Seulement, le seul procès qui aura lieu, et qui durera de très nombreuses années, c’est celui de Maria Schneider. Elle avait 19 ans lors du tournage de ce film. Et à partir de ce moment, la vie de Maria n’aura plus la saveur du rêve. Elle qui venait de retrouver son père, l’acteur Daniel Gélin (joué par Yvan Attal dans le film) et qui est lui aussi un produit de cette époque. Sa mère n’est plus vraiment là pour elle et Maria Schneider va sombrer dans la drogue. Entre une carrière résumée au Tango et une vie personnelle chaotique, elle ne deviendra jamais l’actrice qu’elle aurait pu devenir ni le symbole qu’elle aurait dû devenir. Personne ne voulait l’entendre lorsqu’elle voulait mettre en lumière ce qu’il lui était arrivé. Bien qu’elle ait entretenu une relation épistolaire avec Brando pendant des années après la sortie du film, Maria voulait que l’on sache ce qu’elle avait subi, mais les gens préféraient accuser la jeune femme de l’histoire et projeter tout le dégout pour le film sur sa seule personne.

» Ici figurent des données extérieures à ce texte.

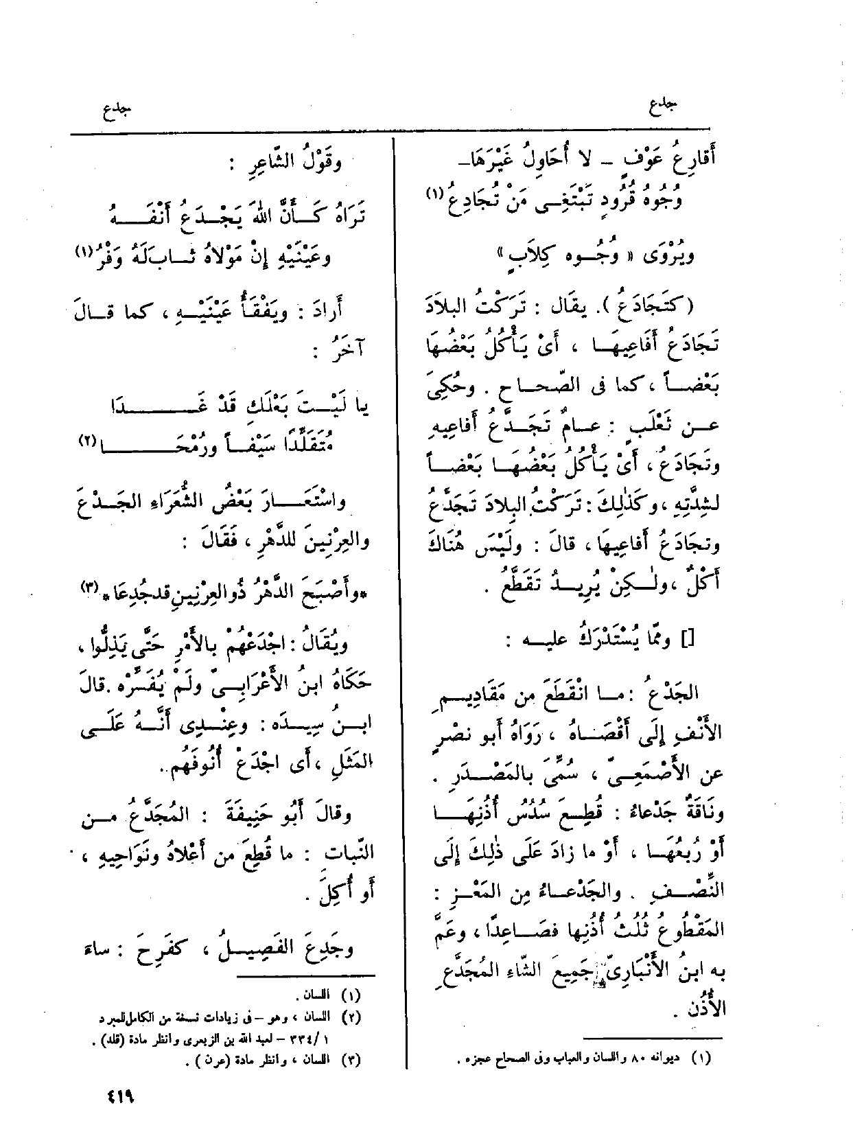 واسْتَعَارَ بَعْضُ الشُّعَرَاءِ الجَدْعَ والعِرْنِينَ للدَّهْرِ، فَقَالَ: وأَصْبَحَ الدَّهْرُ ذُو العِرْنِينِ قد جُدِعَا ويُقَالُ: اجْدَعْهُمْ بالأَمْرِ حَتَّى يَذِلُّوا، حَكَاهُ ابنُ الأَعْرَابِيّ ولَمْ يُفَسِّرْه. قالَ ابنُ سِيدَه: وعِنْدِي أَنَّهُ عَلَى المَثَلِ، أَي اجْدَعْ أُنُوفَهُم. وقالَ أَبُو حَنِيفَةَ: المُجَدَّعُ من النّباتِ: مَا قُطِعَ من أَعلاهُ ونَوَاحِيهِ، أَو أُكِلَ. وجَدِعَ الفَصِيلُ، كفَرِحَ: ساءَ
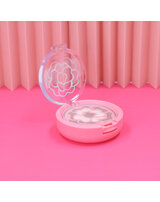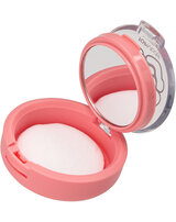 The round powder compact has a transparent lid, and underneath the powder is a sponge and a mirror. Contents: 6 g
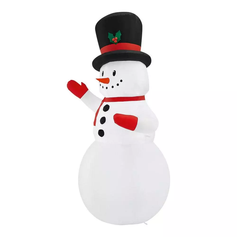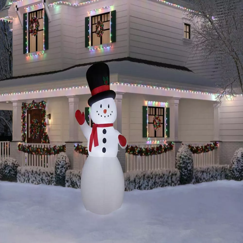 Get in the spirit of the season with this Airblown snowman Christmas inflatable. Rocking a dashing top hat and red winter gear, this delightful holiday addition sets a festive mood during your celebrations. Bright, energy-efficient LEDs deliver starry appeal once the night sets in, and the collapsible design allows convenient storage and transportation. This Airblown snowman Christmas inflatable self-inflates quickly to simplify installation, and the included stakes and tethers keep your accent stable throughout the yuletide season.
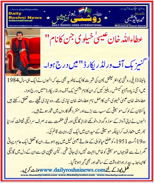 عطاءاللہ خان عیسیٰ خیلوی جن کا نام “گنیز بک آف ورلڈ ریکارڈ” میں درج ہوا۔
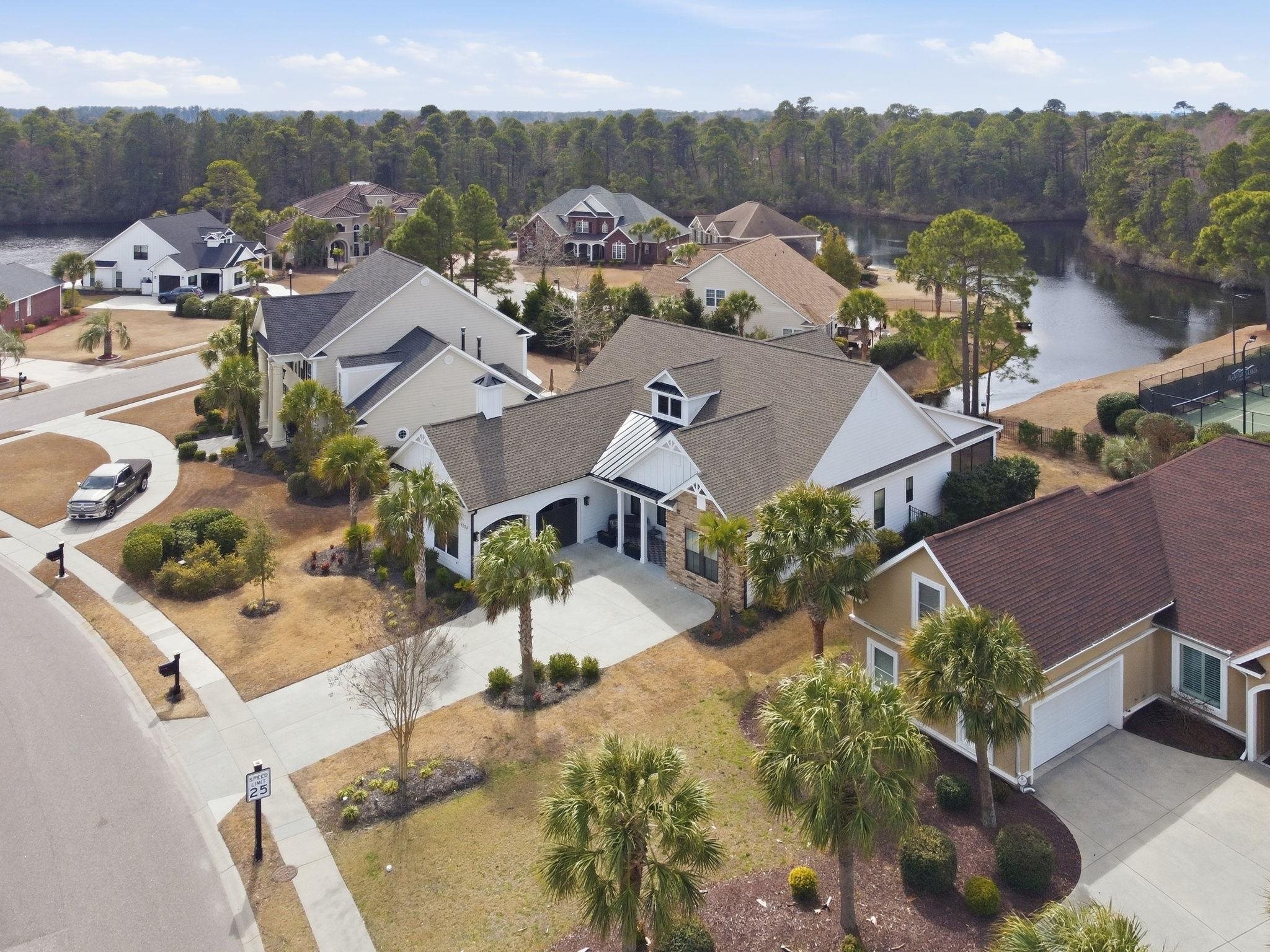 Experience the pinnacle of coastal elegance as you step in to the foyer highlighted by sophisticated wainscoting. Ideal for everyday living as well as entertaining, this home features a spacious living area anchored by natural light-filled windows that frame extraordinary lakefront water views. Located in the desirable Carolina Forest luxury residential community of PLANTATION LAKES, this home provides premier quality of life while being positioned among a scenic 170-acre lake. By design, this builder-model home has many upgrades: custom soft close cabinets and drawers throughout, 10-foot ceilings, 8-foot interior doors, high-end light fixtures and ceiling fans, recessed lighting, quartz countertops covering every surface, arched doorways, detailed moldings, coffered ceiling, telescoping glass doors, as well as premium ceramic plank flooring that flow seamlessly from room to room. Indulge your culinary passions in the gourmet kitchen equipped with gas stove, double oven, top-of-the-line stainless appliances, and motion-activated lighting in the spacious walk-in pantry. The primary suite boasts a cove lighting trey ceiling and motion activated lighting in the custom walk-in closet. Work from home or enjoy online gaming? This home is wired for 2GB fiber optic internet. Need peace of mind for your electronics? A whole-house surge protector is installed along with an HVAC surge protector for an added layer of protection. Each bedroom is spacious yet personalized. The primary suite has lovely views of your sparkling private inlet with a mature tree line beyond the water. For additional privacy, the remaining bedrooms are on the opposite side of the house from the primary suite. Have morning coffee on your screened-in back patio and enjoy the lake view, coastal breezes, the many birds that live on the lake, and lush landscaping in your backyard. Come back in the evening to take in the sunset view! When extra storage is a priority, wait until you see the oversized finished garage, workspace area, and the 400 sq ft temperature-controlled walk-up storage area. Enjoy boating? Hop into your kayak straight from your back yard! Certain POWERED BOATS are allowed to cruise throughout the lake. Enjoy participating in neighborhood activities? This active lake community has many planned activities including holiday gatherings, boat parades, music events, children’s celebratory events, and family events. Plantation Lakes also offers top-tier private amenities including multiple pools, established landscaping, a clubhouse & fitness center, a gated playground, tennis courts, basketball court, as well as double sidewalks on ALL streets! Your new home is only minutes from the beach, Intracoastal Waterway, grocery, shopping, spa, fitness, golf, bike riding, restaurants, healthcare, top-tier schools, international airport and much more - you'll love it! Even the Mister Softee ice cream truck visits weekly – it’s delicious! Schedule your home & community showing today and experience the exceptional lifestyle that awaits.
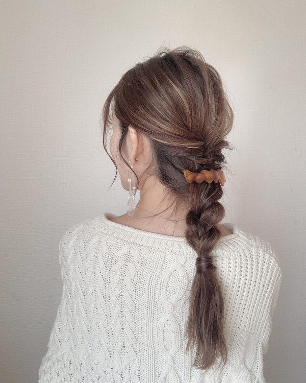 やり方はタイトなローポニーテールを作ってから、少し毛束をとって根元に巻き付け、ねじり編みしてミニカフをつけます。
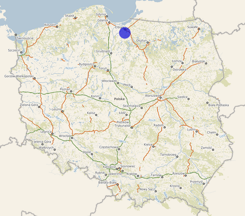 | Współrzędne i wysokość środka | X: 687143, Y: 526604, H: 0 m (PL-1992; PL-EVRF2007-NH) |
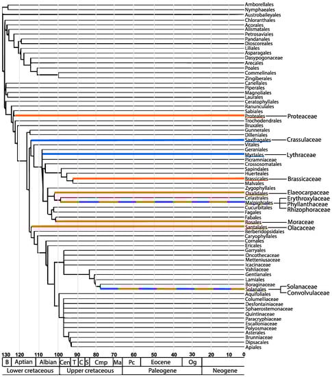 The diversity and similarities of tropane and granatane producing angiosperms. The orders tropane alkaloids belong to are highlighted in orange. The orders granatane alkaloids belong to are highlighted in blue. Shared orders are represented by both colors. The plant families that are known to produce tropane and granatane alkaloids are branched off from the orders. The scale at the bottom represents millions of years. Modification of the phylogenetic tree published in [54], republished with permission with the Botanical Society of America.
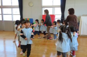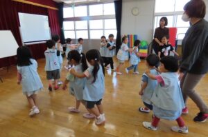 音楽に合わせて体を動かします。

Malheureusement, Jessica Palud n’a qu’une heure quarante-deux pour nous raconter cette histoire. Et bien que chaque comédien donne absolument tout pour faire vivre cette histoire, la narration empilée empêche la pleine résonnance du récit. Les moments importants de sa vie sont racontés les uns à la suite des autres sans réelle analyse ou mise en contexte global (le personnage de sa mère qui disparait du film sans explication). La scène d’agression est montrée presque telle qu’elle est filmée dans Le dernier tango à Paris, ce qui n’apporte finalement que très peu de hauteur sur la puissance de ce qu’il se joue à ce moment-là. De même que c’est lors d’une scène de prise de drogue que Maria va décrire un moment ou des hommes en passant à côté d’elle ont fait une blague de très mauvais goût, mais cette scène que l’ont imagine s’évapore si elle ne nous est pas montrée.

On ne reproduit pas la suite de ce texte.